Thanks @micimize for raising this. The error message originates from streaming repository and it's not descriptive enough to let the user know what the actual issue is. The streaming repository will fix this with a better error message in the upcoming release.

karan6181 avatar Mar 09 '23 00:03 karan6181

@karan6181 that would improve things but I'm also wonder my approach for defaulting canonical nodes would be better than hardcoded 128? It's not really clear to me what the parameter does beyond that a high number is important for the improved algorithm for some reason

https://github.com/mosaicml/examples/blob/132ec02cc2c75e66a410f869b75697a6219fedae/examples/common/text_data.py#L61

micimize avatar Mar 09 '23 01:03 micimize

It's not really clear to me what the parameter does beyond that a high number is important for the improved algorithm for some reason

Canonical nodes is how many nodes you partition the sample space over. This stays the same even if your physical nodes changes. It is used to create an elastically deterministic sample order.

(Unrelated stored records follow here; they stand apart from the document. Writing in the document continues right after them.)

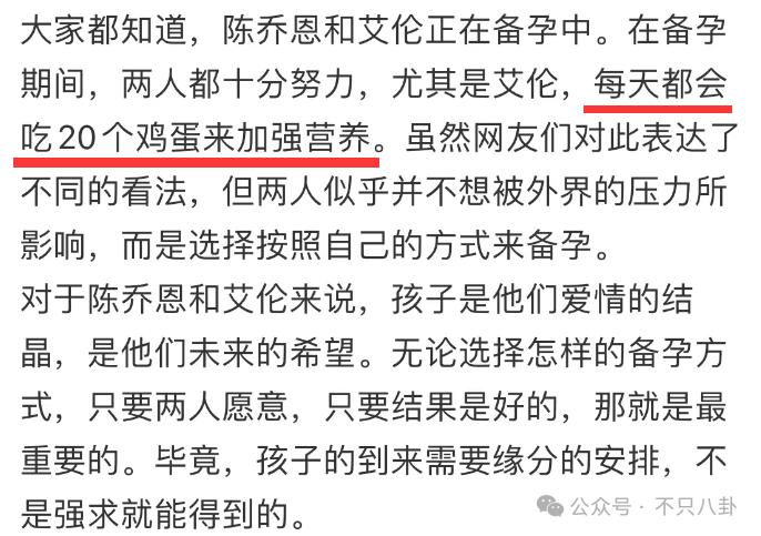 甚至还有人爆料他俩的备孕方案,看完直呼离谱!请问一天吃 20 个鸡蛋这是人类能编出来的谎话吗 ……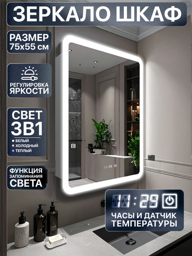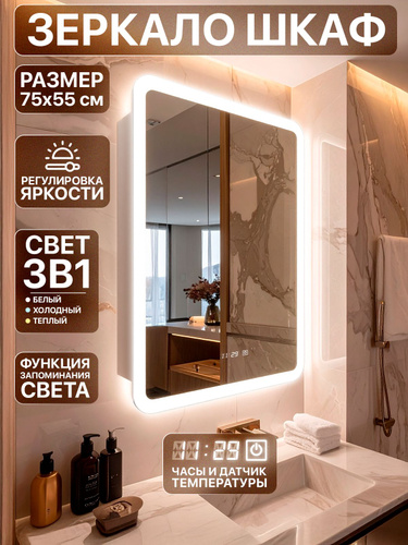 Зеркало-шкаф в ванную 75х55 см с подсветкой, сенсорное, 3 режима света, часы и датчик температуры, навесной шкаф для ванной, белый, вправо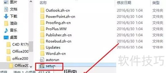 2、 鼠标右击打开Office2007软件安装包文件夹,右击setup选择,以管理员的身份运行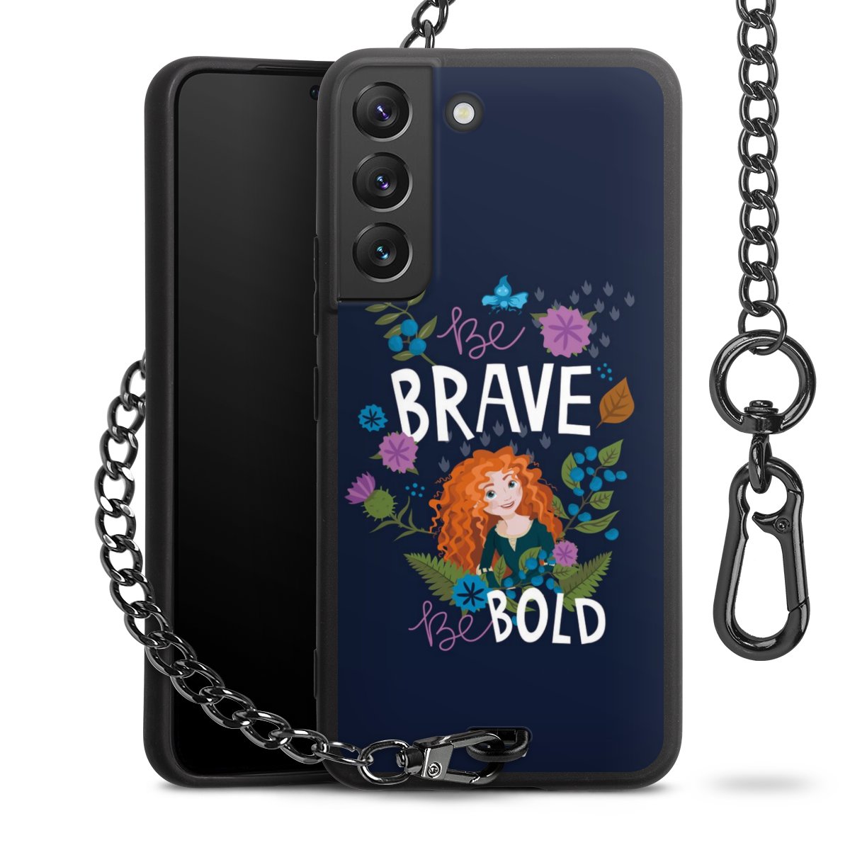 - Mattschwarze Handyhülle mit Metallkette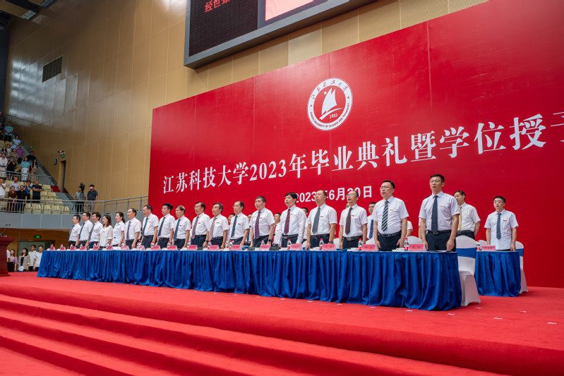 8点30分,在激昂雄壮的国歌声中, 2023年毕业典礼暨学位授予仪式大幕开启。毕业典礼主会场设于镇江市高校园区共享体育馆,张家港校区设置视频分会场。典礼全程通过江科大官方微信视频号、抖音、微博、哔哩哔哩等网络平台直播,全网在线观看累计16万余人次。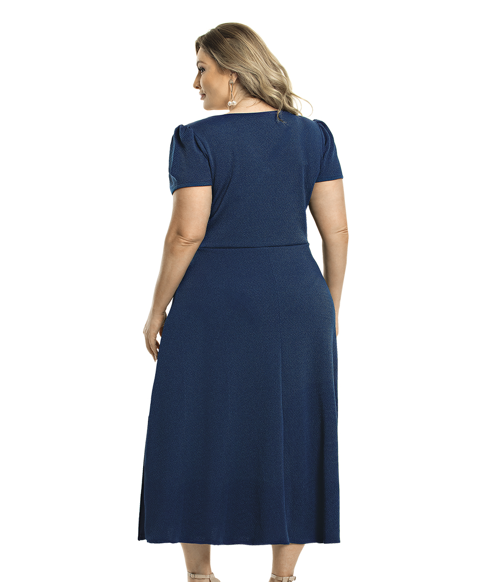 Vestido possui decote transpassado, mangas com franzido, pala na cintura, saia solta da cintura até a barra e fenda frontal. Comprimento Max.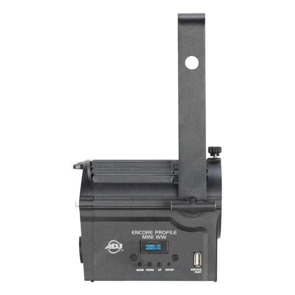 Designed for applications where size really matters, the ADJ Lighting Encore Profile Mini WW is a compact and versatile LED-powered ellipsoidal luminaire. It utilizes a potent 40W warm white LED engine with a 50,000-hour average life expectancy and 3000K color temperature. Its light is focused through precision-engineered optics to deliver a crystal-clear 900 Lumen output with an even field and extremely high CRI of >98.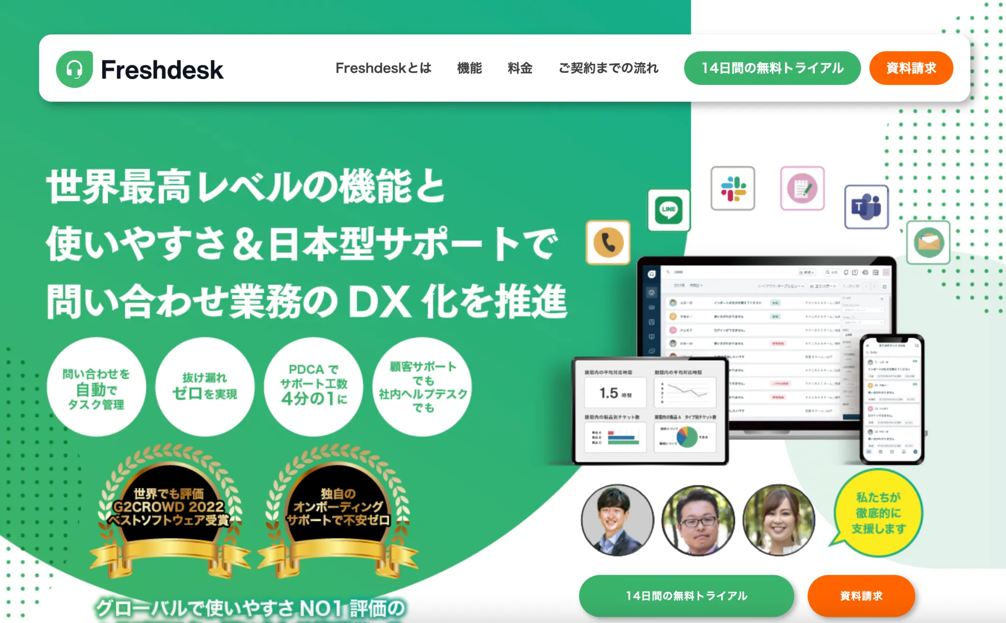 Freshdesk(フレッシュデスク) | ヘルプデスク・カスタマーサポート業務の効率化を支援するデジタルツール。 | マルチチャネルでの一元管理案件の自動振り分けチャットボット・FAQ作成可能運用データ分析 |
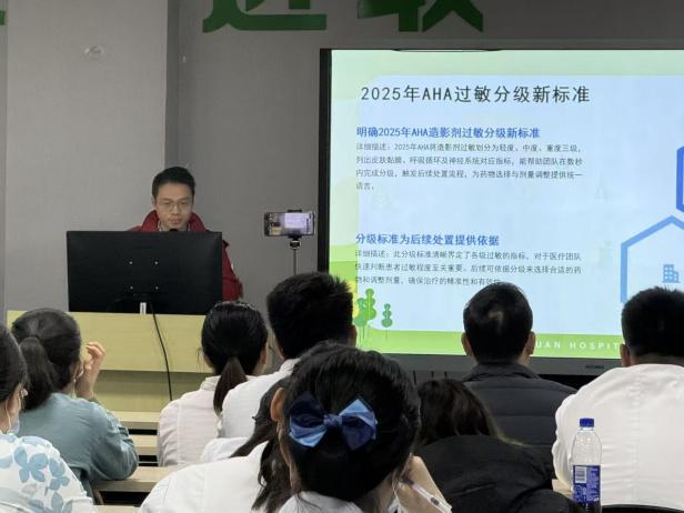 为进一步提升急救理论水平,12月18日下午,科室特邀急诊科喻依川主任进行专题讲座,讲座围绕过敏分级与预警、一线抢救流程、肾上腺素全程应用、辅助药物配伍四个方面为全员传授对比剂过敏抢救与用药要点。讲座结束后,全科人员通过线上方式完成了理论考核,进一步巩固与深化了学习成果。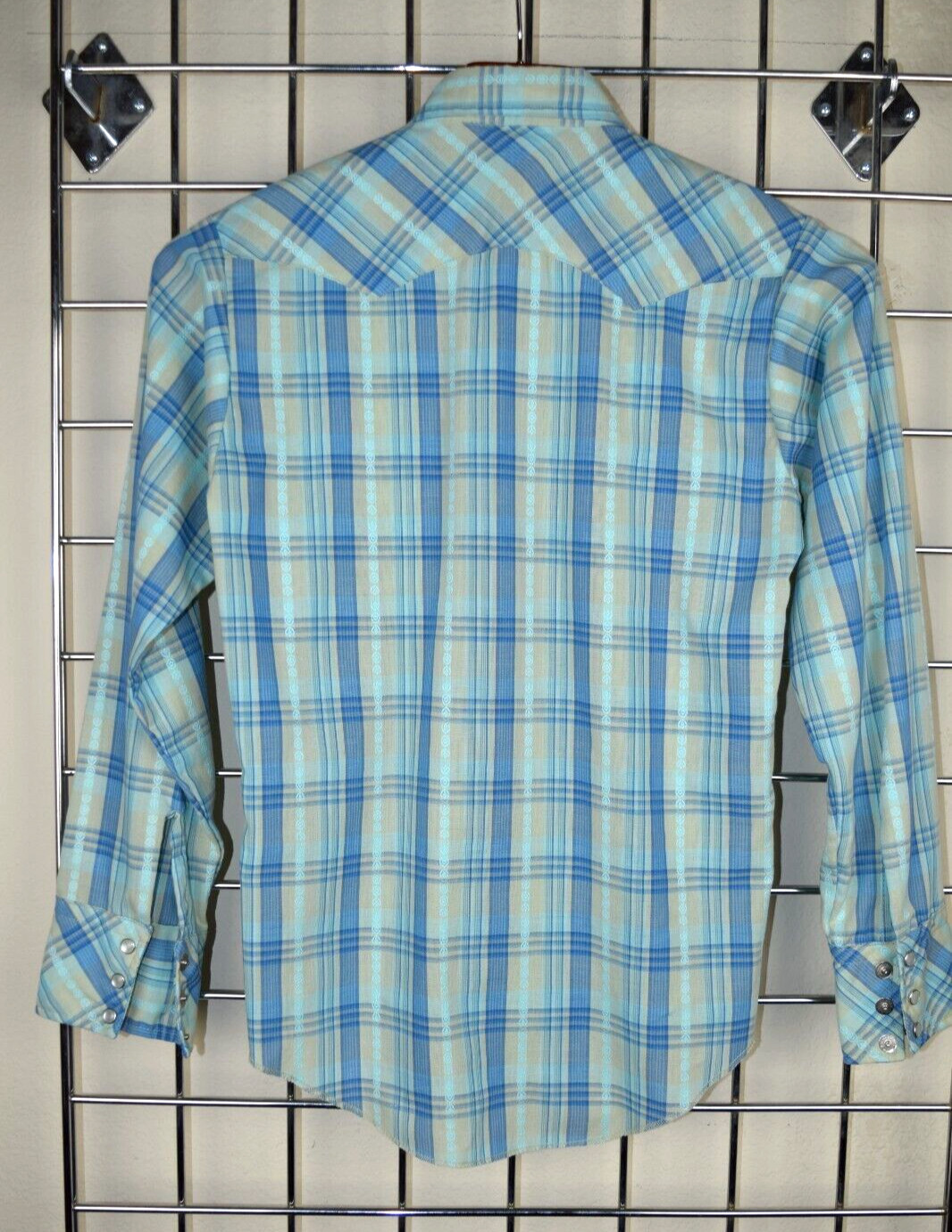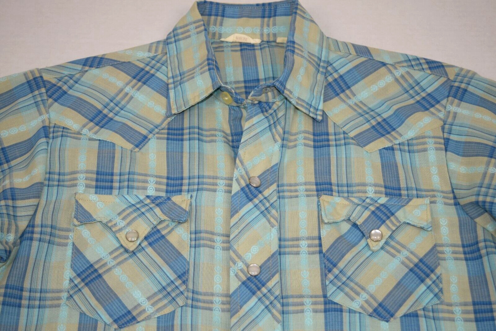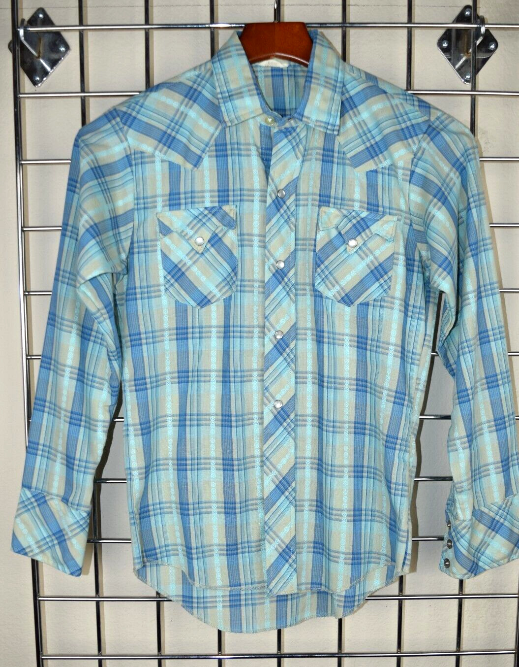 Vintage Western Pearl Snaps Shirt Size S/M 60s Aqua Ivory Blue Grunge
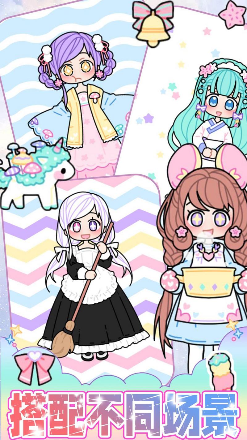 玩家能享受独特的手绘风换装体验,场景里面增加了角色造型与可喜欢的贴纸,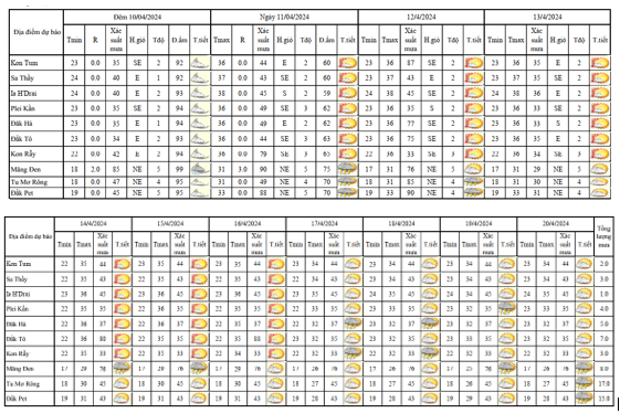BẢN TIN DỰ BÁO, CẢNH BÁO THỜI TIẾT ĐIỂM ĐẾN 10 NGÀY KHU VỰC TỈNH KON TUM
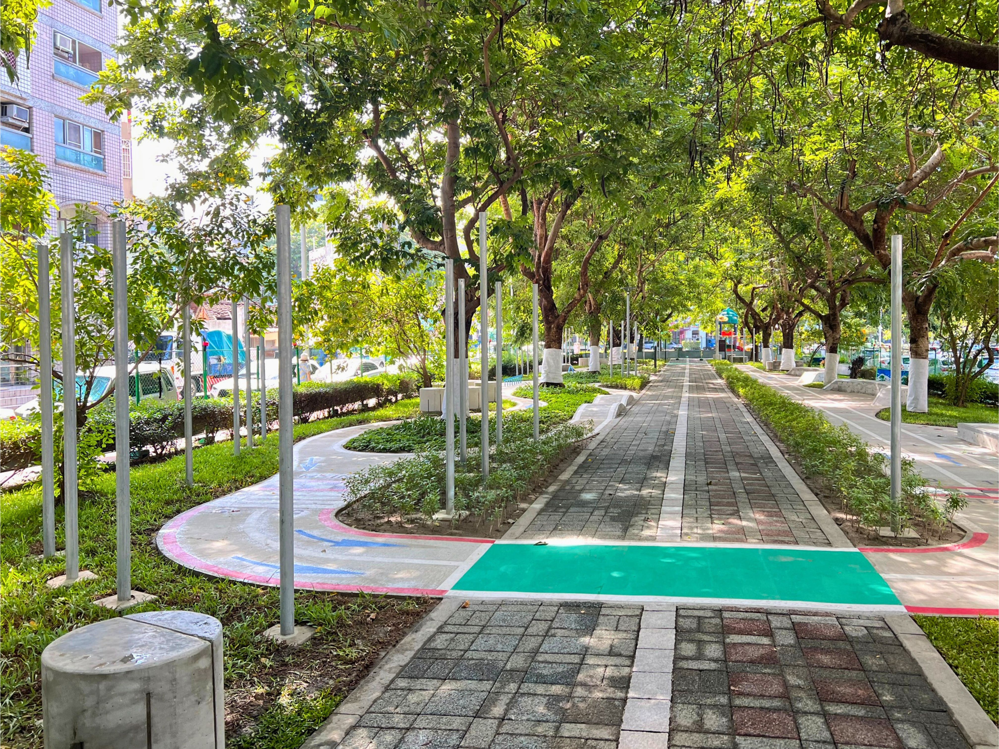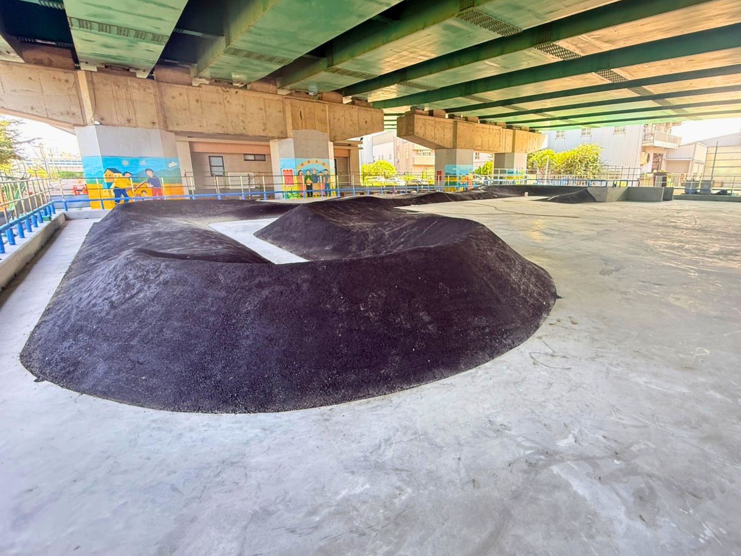 另外,西屯區廣福陸橋下的親子滑板場則充分利用遮陽、避雨的優勢,將原本就吸引滑板愛好者聚集的空地重新整理得更安全、友善。無論晴雨、放學後或假日,都能看到青少年朋友們、親子家庭在這裡磨練技巧、彼此交流,讓橋下空間更具活力,也成為鄰里日常生活中熟悉的運動景象。
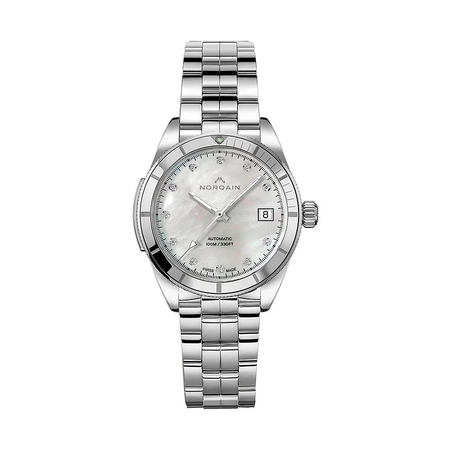 Besonderheiten: Leuchtzeiger, Leuchtindizes, Verschraubte Krone, Verschraubter Gehäuseboden, Gehäuseboden Sichtfenster, Saphirglasboden, Brillanten Zifferblatt, Austauschbares Armband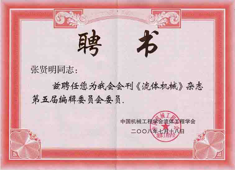 中国流体工程学会第五届理事会换届大会同期召开。经学会推荐、专家评议、中国机械工程学会审批,来自清华、浙大、国防科大、天大、华中科大、西交大、中国科大、川大、中国农大等的103位专家组成了新的理事会。公司太阳集团tyc33455cc经理张贤明研究员受聘为学会委员和理事,同时被国务院学位办“学位与研究生教育重要刊物”――《流体机械》聘为编委。会上由中国机械工程学会领导宣读了中国机械工程学会文件,并颁发了委员聘书和编委聘书。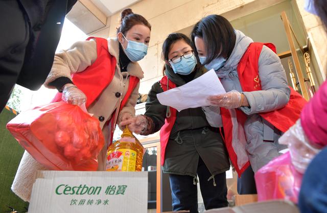 ↑江西省南昌市红谷滩新区沙井街道工作人员艾志云(右一)、胡春丽(右二)和志愿者一起为封闭楼栋居民送去每日生活必需品(2月5日摄)。新华社记者彭昭之 摄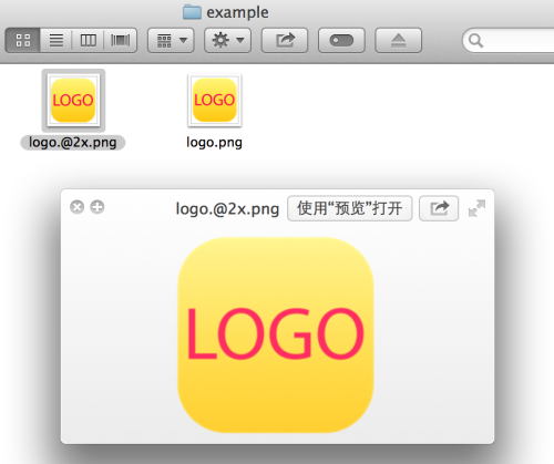 这种专为优化而生的图片有一套现在常用的命名规范,那就是在后面加一个@2x后缀。例如pic.@2x.png将会是pic.png的优化版本,它的大小将会是后者的两倍,但是我们希望它是以原大小的比例来显示出来。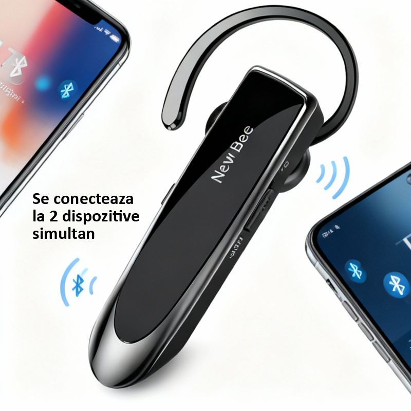 - Conecteaza casca la doua dispozitive in acelasi timp – ideala pentru cei care folosesc telefon personal + de serviciu.

Your samples get laid out according to canonical nodes and then folded over onto physical nodes, so they have to be an even multiple of each other, or else you would get weird interleaving/striping of shards across nodes that would result in all shards being downloaded to all nodes, which is very bad and non-obvious.

To see the impact of various changes in parameters to get_partitions, you can visualize it using this script:

git clone https://github.com/mosaicml/streaming/
cd streaming/
pip3 install --user -e ".[dev]"
make web &
open http://localhost:1337/

knighton avatar Mar 09 '23 01:03 knighton